Usually, right after a sermon at church, I talk to my good friends and other people, but I do not really talk about the sermon. I find that I have a hard time with that. How can I talk more about the sermon, even if it would be brief?
Good question! We should speak of spiritual things and discussing the sermon is a great opportunity to begin a spiritual conversation. It can be beneficial for ourselves, our friends and it pleases God. Consider just a few passages of Scripture regarding our conversations and speech:
“And these words, which I command thee this day, shall be in thine heart: And thou shalt teach them diligently unto thy children, and shalt talk of them when thou sittest in thine house, and when thou walkest by the way, and when thou liest down, and when thou risest up” (Deuteronomy 6:6–7).
“Then they that feared the Lord spake often one to another” (Mal. 3:16).
“A good man out of the good treasure of his heart bringeth forth that which is good; and an evil man out of the evil treasure of his heart bringeth forth that which is evil: for of the abundance of the heart his mouth speaketh” (Luke 6:45).
“By him therefore let us offer the sacrifice of praise to God continually, that is, the fruit of our lips giving thanks to his name” (Hebrews 13:15).
Tips for Sermon Discussion:
Do not rush it. Personally, I find after most services it takes time to digest a sermon before I can talk about it. Often it is not until after some time of quiet reflection on the way home that I can begin to comment, discuss, and share easier.

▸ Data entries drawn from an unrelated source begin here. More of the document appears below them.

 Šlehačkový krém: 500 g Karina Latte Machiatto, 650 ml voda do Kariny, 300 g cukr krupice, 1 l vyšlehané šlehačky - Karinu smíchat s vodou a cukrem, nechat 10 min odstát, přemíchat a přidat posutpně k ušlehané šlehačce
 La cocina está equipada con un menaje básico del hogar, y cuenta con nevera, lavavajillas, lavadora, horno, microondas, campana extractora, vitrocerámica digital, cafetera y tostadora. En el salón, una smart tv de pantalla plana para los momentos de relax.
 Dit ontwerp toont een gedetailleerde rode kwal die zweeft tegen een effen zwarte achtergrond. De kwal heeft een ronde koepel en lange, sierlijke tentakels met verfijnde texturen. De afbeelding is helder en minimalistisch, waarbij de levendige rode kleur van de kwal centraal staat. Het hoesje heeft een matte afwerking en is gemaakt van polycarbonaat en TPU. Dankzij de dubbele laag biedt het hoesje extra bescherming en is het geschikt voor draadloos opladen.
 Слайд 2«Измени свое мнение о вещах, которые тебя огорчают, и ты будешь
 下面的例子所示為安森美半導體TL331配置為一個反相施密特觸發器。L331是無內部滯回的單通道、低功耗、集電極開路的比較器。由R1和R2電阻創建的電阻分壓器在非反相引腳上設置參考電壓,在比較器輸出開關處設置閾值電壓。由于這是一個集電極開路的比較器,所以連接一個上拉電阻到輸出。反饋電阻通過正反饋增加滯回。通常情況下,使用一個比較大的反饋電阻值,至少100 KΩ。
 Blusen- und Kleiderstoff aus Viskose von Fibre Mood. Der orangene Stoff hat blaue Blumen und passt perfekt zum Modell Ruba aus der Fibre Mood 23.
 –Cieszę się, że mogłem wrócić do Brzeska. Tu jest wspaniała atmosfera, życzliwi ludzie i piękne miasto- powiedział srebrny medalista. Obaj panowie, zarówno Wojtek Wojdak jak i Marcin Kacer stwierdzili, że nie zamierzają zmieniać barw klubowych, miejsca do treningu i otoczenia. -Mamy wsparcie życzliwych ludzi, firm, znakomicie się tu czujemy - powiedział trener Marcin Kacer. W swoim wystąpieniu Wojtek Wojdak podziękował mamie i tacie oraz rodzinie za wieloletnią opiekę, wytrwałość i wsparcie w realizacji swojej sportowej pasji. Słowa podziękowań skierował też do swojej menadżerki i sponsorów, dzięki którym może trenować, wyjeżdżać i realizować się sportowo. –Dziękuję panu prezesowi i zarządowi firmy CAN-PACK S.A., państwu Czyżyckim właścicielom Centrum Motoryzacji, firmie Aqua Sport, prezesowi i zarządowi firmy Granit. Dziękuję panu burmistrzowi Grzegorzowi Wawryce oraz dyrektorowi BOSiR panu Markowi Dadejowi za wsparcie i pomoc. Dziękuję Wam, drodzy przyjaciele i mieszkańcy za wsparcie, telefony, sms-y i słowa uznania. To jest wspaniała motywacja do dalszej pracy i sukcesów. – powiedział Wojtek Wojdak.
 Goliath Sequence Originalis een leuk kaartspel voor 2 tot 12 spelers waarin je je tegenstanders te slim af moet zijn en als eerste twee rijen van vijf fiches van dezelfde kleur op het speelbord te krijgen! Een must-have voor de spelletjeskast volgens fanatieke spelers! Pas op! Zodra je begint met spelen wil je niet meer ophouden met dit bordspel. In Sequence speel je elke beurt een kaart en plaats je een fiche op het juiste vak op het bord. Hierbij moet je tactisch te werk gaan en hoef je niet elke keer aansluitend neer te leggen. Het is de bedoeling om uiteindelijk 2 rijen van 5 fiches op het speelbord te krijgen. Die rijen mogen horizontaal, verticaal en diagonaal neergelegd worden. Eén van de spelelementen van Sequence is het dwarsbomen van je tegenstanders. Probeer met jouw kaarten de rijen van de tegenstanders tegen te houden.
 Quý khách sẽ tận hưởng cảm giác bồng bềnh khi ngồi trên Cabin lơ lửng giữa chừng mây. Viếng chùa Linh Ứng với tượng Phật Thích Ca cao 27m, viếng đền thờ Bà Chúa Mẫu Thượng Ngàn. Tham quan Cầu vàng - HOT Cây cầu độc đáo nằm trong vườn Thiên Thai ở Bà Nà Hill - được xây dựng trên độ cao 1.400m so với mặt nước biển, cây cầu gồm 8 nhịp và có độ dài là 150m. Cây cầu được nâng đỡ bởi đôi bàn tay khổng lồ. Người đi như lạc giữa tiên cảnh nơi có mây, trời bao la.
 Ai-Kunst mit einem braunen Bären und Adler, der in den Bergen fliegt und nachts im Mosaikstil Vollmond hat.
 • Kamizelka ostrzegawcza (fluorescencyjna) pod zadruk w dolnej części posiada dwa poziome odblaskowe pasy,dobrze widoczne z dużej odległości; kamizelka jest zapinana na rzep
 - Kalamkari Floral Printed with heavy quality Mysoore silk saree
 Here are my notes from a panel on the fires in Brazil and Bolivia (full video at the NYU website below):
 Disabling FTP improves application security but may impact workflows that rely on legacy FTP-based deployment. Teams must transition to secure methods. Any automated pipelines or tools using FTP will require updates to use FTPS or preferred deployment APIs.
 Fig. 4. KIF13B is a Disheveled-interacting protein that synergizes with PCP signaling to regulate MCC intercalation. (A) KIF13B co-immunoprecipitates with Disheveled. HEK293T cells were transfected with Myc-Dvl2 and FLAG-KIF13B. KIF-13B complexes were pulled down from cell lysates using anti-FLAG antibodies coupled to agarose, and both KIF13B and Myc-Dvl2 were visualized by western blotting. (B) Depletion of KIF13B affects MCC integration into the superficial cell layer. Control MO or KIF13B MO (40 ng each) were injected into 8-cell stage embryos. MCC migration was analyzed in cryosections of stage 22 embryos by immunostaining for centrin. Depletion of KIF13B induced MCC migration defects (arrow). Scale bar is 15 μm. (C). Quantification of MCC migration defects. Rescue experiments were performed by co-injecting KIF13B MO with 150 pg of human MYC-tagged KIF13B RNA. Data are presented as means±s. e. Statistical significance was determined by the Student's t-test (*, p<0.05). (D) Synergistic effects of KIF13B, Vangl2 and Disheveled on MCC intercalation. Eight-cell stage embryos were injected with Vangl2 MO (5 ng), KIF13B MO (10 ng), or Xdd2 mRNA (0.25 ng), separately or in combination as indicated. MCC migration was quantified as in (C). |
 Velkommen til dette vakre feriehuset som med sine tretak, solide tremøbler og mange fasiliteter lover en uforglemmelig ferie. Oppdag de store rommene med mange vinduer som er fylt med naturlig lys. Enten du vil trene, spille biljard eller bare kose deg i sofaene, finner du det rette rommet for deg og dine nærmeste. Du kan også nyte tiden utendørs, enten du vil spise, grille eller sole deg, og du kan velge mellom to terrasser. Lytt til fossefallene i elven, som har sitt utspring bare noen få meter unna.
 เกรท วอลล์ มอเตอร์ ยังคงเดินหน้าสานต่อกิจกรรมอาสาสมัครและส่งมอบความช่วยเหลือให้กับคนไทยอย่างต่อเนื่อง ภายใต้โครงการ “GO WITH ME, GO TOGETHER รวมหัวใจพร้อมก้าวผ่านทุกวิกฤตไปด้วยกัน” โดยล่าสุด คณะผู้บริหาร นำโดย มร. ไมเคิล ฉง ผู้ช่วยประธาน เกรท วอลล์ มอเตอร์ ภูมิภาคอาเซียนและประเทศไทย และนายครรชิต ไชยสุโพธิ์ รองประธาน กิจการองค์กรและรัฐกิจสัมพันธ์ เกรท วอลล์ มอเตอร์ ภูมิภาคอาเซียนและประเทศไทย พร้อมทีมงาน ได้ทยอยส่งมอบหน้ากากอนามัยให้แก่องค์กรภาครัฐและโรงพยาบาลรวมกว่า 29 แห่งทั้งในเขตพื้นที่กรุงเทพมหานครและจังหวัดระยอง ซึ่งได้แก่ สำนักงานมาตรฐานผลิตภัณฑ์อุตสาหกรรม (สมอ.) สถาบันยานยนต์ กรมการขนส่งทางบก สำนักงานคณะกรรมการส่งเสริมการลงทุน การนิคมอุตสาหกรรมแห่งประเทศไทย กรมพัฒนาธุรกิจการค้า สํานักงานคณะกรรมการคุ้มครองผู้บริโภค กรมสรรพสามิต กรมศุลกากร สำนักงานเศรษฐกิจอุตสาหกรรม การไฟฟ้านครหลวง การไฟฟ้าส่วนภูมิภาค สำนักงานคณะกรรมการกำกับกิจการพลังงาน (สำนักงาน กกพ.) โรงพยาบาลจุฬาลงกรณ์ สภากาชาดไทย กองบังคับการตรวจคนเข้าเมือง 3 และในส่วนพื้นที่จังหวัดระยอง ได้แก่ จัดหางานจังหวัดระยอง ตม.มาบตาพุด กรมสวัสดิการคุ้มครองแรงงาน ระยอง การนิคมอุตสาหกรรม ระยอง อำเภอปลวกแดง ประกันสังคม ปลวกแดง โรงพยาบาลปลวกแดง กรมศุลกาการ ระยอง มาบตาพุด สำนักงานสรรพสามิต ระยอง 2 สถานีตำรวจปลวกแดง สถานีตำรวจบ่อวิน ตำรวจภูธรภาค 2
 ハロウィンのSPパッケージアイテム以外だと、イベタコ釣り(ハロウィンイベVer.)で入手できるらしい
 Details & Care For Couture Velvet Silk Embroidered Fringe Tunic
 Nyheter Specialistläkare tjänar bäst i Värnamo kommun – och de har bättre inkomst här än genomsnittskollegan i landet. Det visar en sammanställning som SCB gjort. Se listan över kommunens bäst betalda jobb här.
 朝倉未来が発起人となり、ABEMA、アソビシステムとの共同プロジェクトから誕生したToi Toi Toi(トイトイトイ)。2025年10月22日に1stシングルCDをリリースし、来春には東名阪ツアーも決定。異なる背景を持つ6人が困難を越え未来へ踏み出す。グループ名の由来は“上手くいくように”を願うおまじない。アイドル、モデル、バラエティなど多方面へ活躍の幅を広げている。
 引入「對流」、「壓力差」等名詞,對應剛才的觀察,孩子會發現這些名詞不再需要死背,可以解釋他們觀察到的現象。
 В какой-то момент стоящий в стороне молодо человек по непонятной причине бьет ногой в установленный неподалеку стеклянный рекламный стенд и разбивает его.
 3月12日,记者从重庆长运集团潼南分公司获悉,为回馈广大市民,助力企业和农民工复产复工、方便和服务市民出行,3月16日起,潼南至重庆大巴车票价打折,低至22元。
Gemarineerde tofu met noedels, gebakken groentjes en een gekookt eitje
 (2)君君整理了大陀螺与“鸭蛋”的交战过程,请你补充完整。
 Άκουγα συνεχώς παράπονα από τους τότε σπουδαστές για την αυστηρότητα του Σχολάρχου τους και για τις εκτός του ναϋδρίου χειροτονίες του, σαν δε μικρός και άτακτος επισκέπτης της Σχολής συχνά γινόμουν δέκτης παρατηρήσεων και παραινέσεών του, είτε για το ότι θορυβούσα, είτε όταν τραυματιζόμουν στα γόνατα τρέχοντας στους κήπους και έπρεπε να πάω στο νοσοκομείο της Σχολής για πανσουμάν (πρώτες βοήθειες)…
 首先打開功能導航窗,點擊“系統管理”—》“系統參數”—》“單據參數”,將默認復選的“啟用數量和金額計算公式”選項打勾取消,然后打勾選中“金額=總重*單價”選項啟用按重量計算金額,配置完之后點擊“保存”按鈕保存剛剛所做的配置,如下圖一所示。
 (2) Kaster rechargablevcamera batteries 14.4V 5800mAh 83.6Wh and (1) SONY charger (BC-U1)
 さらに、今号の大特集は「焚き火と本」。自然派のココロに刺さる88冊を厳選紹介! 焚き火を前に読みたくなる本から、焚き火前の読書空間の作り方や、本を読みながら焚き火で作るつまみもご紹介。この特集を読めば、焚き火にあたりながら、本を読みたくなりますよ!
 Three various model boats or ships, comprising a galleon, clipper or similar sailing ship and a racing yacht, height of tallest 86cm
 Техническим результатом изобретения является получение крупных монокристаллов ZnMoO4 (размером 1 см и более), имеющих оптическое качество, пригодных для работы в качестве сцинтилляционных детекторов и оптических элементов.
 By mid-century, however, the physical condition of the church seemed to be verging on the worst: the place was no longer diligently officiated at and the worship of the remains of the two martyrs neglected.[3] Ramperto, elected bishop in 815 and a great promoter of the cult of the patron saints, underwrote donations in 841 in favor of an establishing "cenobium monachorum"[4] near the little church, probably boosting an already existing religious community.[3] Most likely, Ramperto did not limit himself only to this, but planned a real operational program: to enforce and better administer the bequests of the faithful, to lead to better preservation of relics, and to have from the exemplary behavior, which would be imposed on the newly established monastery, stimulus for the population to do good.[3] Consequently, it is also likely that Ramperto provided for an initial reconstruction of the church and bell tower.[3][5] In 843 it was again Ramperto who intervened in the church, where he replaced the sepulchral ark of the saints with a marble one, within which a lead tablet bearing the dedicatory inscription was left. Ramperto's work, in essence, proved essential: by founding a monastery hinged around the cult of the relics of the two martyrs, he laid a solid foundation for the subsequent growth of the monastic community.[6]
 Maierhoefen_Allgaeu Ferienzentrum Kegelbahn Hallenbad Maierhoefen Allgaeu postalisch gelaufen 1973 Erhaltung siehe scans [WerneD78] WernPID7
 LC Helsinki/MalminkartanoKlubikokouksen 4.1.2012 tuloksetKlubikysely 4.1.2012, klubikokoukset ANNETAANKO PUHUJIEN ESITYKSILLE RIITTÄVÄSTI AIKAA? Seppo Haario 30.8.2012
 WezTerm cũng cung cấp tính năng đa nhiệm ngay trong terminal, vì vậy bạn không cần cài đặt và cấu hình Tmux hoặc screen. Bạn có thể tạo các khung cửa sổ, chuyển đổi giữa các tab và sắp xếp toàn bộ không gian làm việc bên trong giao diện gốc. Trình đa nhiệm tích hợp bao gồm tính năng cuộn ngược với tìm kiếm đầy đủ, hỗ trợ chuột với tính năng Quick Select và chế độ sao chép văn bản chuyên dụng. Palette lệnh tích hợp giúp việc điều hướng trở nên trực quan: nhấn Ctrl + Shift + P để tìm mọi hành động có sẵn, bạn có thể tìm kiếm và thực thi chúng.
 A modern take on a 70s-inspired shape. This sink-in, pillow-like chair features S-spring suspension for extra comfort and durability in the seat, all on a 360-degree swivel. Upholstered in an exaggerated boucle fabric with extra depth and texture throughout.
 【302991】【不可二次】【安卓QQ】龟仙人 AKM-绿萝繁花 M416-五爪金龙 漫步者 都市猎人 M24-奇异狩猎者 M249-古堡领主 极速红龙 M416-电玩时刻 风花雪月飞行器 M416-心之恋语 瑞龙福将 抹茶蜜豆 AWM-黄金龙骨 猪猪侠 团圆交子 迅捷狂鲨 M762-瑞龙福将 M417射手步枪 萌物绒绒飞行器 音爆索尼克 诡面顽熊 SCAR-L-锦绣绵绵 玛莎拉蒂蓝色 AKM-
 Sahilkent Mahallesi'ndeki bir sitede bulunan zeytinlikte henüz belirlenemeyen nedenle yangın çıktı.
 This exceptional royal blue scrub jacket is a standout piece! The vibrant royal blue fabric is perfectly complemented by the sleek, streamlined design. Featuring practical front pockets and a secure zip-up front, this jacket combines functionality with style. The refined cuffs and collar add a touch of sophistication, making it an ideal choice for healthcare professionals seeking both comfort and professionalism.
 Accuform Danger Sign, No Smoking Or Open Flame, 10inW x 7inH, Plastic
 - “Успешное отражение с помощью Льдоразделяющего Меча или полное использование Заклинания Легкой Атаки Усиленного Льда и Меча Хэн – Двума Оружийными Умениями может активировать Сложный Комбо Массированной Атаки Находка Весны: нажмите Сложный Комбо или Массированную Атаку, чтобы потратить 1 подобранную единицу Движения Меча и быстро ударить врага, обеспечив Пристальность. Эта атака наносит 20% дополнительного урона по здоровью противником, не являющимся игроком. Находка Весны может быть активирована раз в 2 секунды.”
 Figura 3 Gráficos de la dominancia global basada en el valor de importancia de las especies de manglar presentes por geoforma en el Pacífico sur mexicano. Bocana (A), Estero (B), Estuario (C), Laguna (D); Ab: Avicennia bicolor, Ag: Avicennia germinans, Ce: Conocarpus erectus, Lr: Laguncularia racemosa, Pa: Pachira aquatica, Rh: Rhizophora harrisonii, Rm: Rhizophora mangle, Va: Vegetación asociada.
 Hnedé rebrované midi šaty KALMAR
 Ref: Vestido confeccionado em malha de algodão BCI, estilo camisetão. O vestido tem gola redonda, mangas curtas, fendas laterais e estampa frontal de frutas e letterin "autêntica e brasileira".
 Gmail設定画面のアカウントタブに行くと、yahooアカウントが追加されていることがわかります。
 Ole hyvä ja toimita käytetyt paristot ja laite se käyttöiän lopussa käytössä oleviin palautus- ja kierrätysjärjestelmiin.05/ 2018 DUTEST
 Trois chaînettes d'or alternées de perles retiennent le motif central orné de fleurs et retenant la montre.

Do not force it. Do not come out of church and try to force yourself to make some comments on the sermon just for the sake of saying something spiritual. Those are the kind of statements that often do not go anywhere. Besides, doing so breaks trust and lack of sincerity hinders conversation. Never speak for the sake of simply making yourself look good.
Fill your minds with spiritual thoughts all week. Take notice of God’s hand in your life, in His providences, in the lives of those around you and in the world. If we take mental note of God’s hand all around us, our conversations are more likely to be spiritual and filled with his praises.
Take notes of the sermon’s key thoughts. Maybe have one or two thoughts in mind which you want to share after the service. You can start with, “I enjoyed that sermon. The thought that___________ is humbling/encouraging/incredible…What did you think? What stood out to you?”
Perhaps the best way to come to spiritual conversation is to begin with a common, “How was your week?” Some might think that any talk of work or the day-to-day is unspiritual and off limits after the sermon. However, as Christians, we care about the whole person in every aspect of our friends’ lives. Frequently, as we share our everyday stories, aspects of the sermon will begin to naturally apply and come up in our conversation. Opportunity arises to offer scriptural encouragement, or to praise God for His goodness. Alternatively, you could ask your friend, “What have you been reading for devotions this week?” Be prepared to share what you have been reading and meditating on.
Keep in mind that progress is the goal. Do not get discouraged just because the last conversations did not go well or felt awkward. Take it to the Lord in prayer and be encouraged to strive to improve as He gives growth. Ask Him for opportunities and courage to speak of your soul’s concerns. Connecting with one another spiritually can be difficult because we engage the very core of our being. For the same reason it is often rewarding and a way to deep and lasting friendship! Discussing the sermon is a good opportunity to begin a spiritual conversation that edifies all involved and honours God!
Some years ago, I read the book The Great Gain of Godliness by Thomas Watson. A chapter titled, “The Godly Should Speak of God” is an excellent read: both convicting and helpful.